[OmniOS-discuss] ixgbe: breaking aggr on 10GbE X540-T2
Stephan Budach
stephan.budach at JVM.DE
Wed May 11 13:05:08 UTC 2016
Am 11.05.16 um 14:50 schrieb Stephan Budach:
> Am 11.05.16 um 13:36 schrieb Stephan Budach:
>> Am 09.05.16 um 20:43 schrieb Dale Ghent:
>>>> On May 9, 2016, at 2:04 PM, Stephan Budach <stephan.budach at JVM.DE>
>>>> wrote:
>>>>
>>>> Am 09.05.16 um 16:33 schrieb Dale Ghent:
>>>>>> On May 9, 2016, at 8:24 AM, Stephan Budach
>>>>>> <stephan.budach at JVM.DE> wrote:
>>>>>>
>>>>>> Hi,
>>>>>>
>>>>>> I have a strange behaviour where OmniOS omnios-r151018-ae3141d
>>>>>> will break the LACP aggr-link on different boxes, when Intel
>>>>>> X540-T2s are involved. It first starts with a couple if link
>>>>>> downs/ups on one port and finally the link on that port
>>>>>> negiotates to 1GbE instead of 10GbE, which then breaks the LACP
>>>>>> channel on my Cisco Nexus for this connection.
>>>>>>
>>>>>> I have tried swapping and interchangeing cables and thus
>>>>>> switchports, but to no avail.
>>>>>>
>>>>>> Anyone else noticed this and even better… knows a solution to this?

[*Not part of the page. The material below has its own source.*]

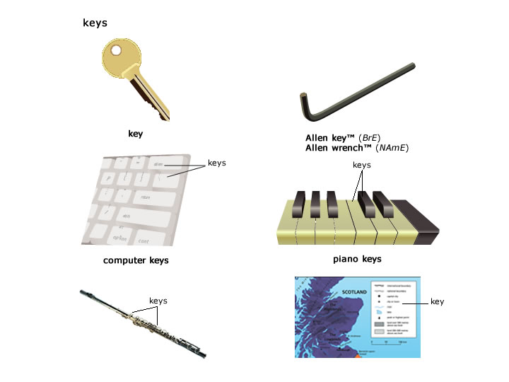 key [key keys keyed keying] noun, verb, adjective BrE [kiː] NAmE [kiː] noun TOOL FOR LOCK 1. a specially shaped piece of metal used for locking a door, starting a car, etc •to insert/turn the key in the lock •the car keys •a bunch of keys •the spare key to the front door • We'll have a duplicate key cut (= made). • There's a special key for winding up this clock. MOST IMPORTANT THING 2. usually singular a thing that makes you able to understand or achieve sth Syn: ↑secret •~ (to sth) The key to success is preparation. •~ (to doing sth) The driver of the car probably holds the key to solving the crime. • (especially NAmE)The key is, how long can the federal government control the inflation rate? ON COMPUTER 3. any of the buttons that you press to operate a computer or ↑typewriter • Press the return key to enter the information. ON MUSICAL INSTRUMENT 4. any of the wooden or metal parts that you press to play a piano and some other musical instruments MUSIC 5. a set of related notes, based on a particular note. Pieces of music are usually written mainly using a particular key •a sonata in the key of E flat major • This piece changes key many times. compare ↑scale n. (7) ANSWERS 6. a set of answers to exercises or problems • Check your answers in the key at the back of the book. ON MAP 7. an explanation of the symbols used on a map or plan see also ↑low-key, see under lock and key at ↑lock n. Word Origin: Old English cǣg, cǣge, of unknown origin. Thesaurus: key noun 1. C, usually sing. •The key to success is preparation. answer • • solution • the key/answer/solution to sth look for/find/provide/offer the key/an answer/a solution 2. C •Press the return key. button • • switch • • control • a key/button/switch on sth a control key/button/switch press/hit a key/button/switch Example Bank: •Can we try it in a lower key? •F1 is the short-cut key for calling up help. •First-time voters could hold the key to the election result. •He fished a ring of keys out of his pocket. •Hold down the Alt key while pressing the arrow keys. •I slid the key into the lock and went in. •I'd accidentally locked the keys in my car. •I'll get another key cut so that you can have one. •Language is the key to understanding those around you. •Robbie didn't have a key for these doors. •She hides a front door key in a flowerpot. •She left a key with the neighbours/neighbors. •She must have used a key to get in. •The key changes from C major to A minor. •The key tells you what all the symbols mean. •The piece changes key in the middle. •The sound of keys jangling caught her attention. •There are two sharps in the key signature of D major. •They heard a key turn in the back door lock. •What key is it in? •You can find the symbols in the key at the bottom of the page. •You have to close it with the key. •You need a key to open the garage. •a large bunch of keys •a set of car keys •the key of G major •the key to the front door •the key to the signs and symbols •the top row of keys •His hands flew over the piano keys and beautiful sounds filled the theatre. •The key is, how long can the federal government control the inflation rate? •The sonata was written in the key of E flat major. Derived: ↑key somebody to something verb 1. ~ sth (in) | ~ sth (into sth) to put information into a computer using a keyboard Syn: ↑enter •Key (in) your password. 2. to deliberately damage a car by scratching it with a key Verb forms: Word Origin: Old English cǣg, cǣge, of unknown origin. adjective usually before noun most important; essential Syn: ↑critical, Syn: ↑vital •the key issue/factor/point • He was a key figure in the campaign. • She played a key role in the dispute. •‘Caution’ is the key word in this situation. •Good communication is key to our success. •His contribution could be key. Word Origin: Old English cǣg, cǣge, of unknown origin. Thesaurus: key adj. usually before noun •The key issue is taxation. main • • major • • essential • • central • • principal • • prime • • primary • • chief • • predominant • |informal number one • Opp: secondary be key/essential/central to sth the key/main/major/essential/central/principal/prime/primary/chief/predominant purpose/source/factor the key/main/major/essential/central/principal/prime/primary/chief aim/function/objective/task/consideration Synonyms: main major • key • central • principal • chief • prime These words all describe sb/sth that is the largest or most important of its kind. main • [only before noun] largest or most important: ▪ Be careful crossing the main road. ◇ ▪ The main thing is to remain calm. major • [usually before noun] very large or important: ▪ He played a major role in setting up the system. Major is most often used after a with a singular noun, or no article with a plural noun. When it is used with the or my/your/his/her/our/their it means ‘the largest or most important’: ▪ Our major concern here is combatting poverty. In this meaning it is only used to talk about ideas or worries that people have, not physical things, and it is also more formal than main: Be careful crossing the major road. ◇ The major thing is to remain calm. key • [usually before noun] most important; essential: ▪ He was a key figure in the campaign. Key is used most frequently in business and political contexts. It can be used to talk about ideas, or the part that sb plays in a situation, but not physical things. It is slightly more informal than major, especially when used after a noun and linking verb: ▪ Speed is key at this point. central • (rather formal) most important: ▪ The central issue is that of widespread racism. Central is used in a similar way to key, but is more formal. It is most frequently used in the phrase sth is central to sth else. principal • [only befo

>>>>> Was this an issue noticed only with r151018 and not with previous
>>>>> versions, or have you only tried this with 018?
>>>>>
>>>>> By your description, I presume that the two ixgbe physical links
>>>>> will stay at 10Gb and not bounce down to 1Gb if not LACP'd together?
>>>>>
>>>>> /dale
>>>> I have noticed that on prior versions of OmniOS as well, but we
>>>> only recently started deploying 10GbE LACP bonds, when we
>>>> introduced our Nexus gear to our network. I will have to check if
>>>> both links stay at 10GbE, when not being configured as a LACP bond.

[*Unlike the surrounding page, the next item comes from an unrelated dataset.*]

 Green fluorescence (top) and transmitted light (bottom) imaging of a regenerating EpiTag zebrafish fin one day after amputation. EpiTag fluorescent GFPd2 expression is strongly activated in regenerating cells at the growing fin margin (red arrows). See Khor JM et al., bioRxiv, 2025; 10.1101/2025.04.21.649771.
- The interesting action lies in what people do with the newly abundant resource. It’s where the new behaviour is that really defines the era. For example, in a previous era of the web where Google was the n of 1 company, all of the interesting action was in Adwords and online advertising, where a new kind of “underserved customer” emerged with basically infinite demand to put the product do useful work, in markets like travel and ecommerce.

>>>> Let me check that tomorrow and report back. As we're heading for a
>>>> streched DC, we are mainly configuring 2-way LACP bonds over our
>>>> Nexus gear, so we don't actually have any single 10GbE connection,
>>>> as they will all have to be conencted to both DCs. This is achieved
>>>> by using VPCs on our Nexus switches.

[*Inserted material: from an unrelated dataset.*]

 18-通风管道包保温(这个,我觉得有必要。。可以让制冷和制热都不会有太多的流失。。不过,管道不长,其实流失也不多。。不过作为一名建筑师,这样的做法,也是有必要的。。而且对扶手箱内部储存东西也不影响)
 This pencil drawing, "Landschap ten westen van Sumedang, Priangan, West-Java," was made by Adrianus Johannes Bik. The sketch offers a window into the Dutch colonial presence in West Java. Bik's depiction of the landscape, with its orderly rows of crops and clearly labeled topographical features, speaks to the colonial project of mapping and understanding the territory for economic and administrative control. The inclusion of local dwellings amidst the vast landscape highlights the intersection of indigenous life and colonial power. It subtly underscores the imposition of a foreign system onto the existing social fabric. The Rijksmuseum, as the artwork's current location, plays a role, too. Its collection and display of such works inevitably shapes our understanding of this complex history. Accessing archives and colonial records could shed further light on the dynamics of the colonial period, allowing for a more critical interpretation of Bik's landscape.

>>> Provide as much detail as you can - if you're using hw flow control,
>>> whether both links act this way at the same time or independently,
>>> and so-on. Problems like this often boil down to a very small and
>>> seemingly insignificant detail.
>>>
>>> I currently have ixgbe on the operating table for adding X550
>>> support, so I can take a look at this; however I don't have your
>>> type of switches available to me so LACP-specific testing is
>>> something I can't do for you.
>>>
>>> /dale
>> I checked the ixgbe.conf files on each host and they all are still at
>> the standard setting, which includes flow_control = 3;
>> So they all have flow control enabled. As for the Nexus config, all
>> of those ports are still on standard ethernet ports and modifications
>> have only been made globally to the switch.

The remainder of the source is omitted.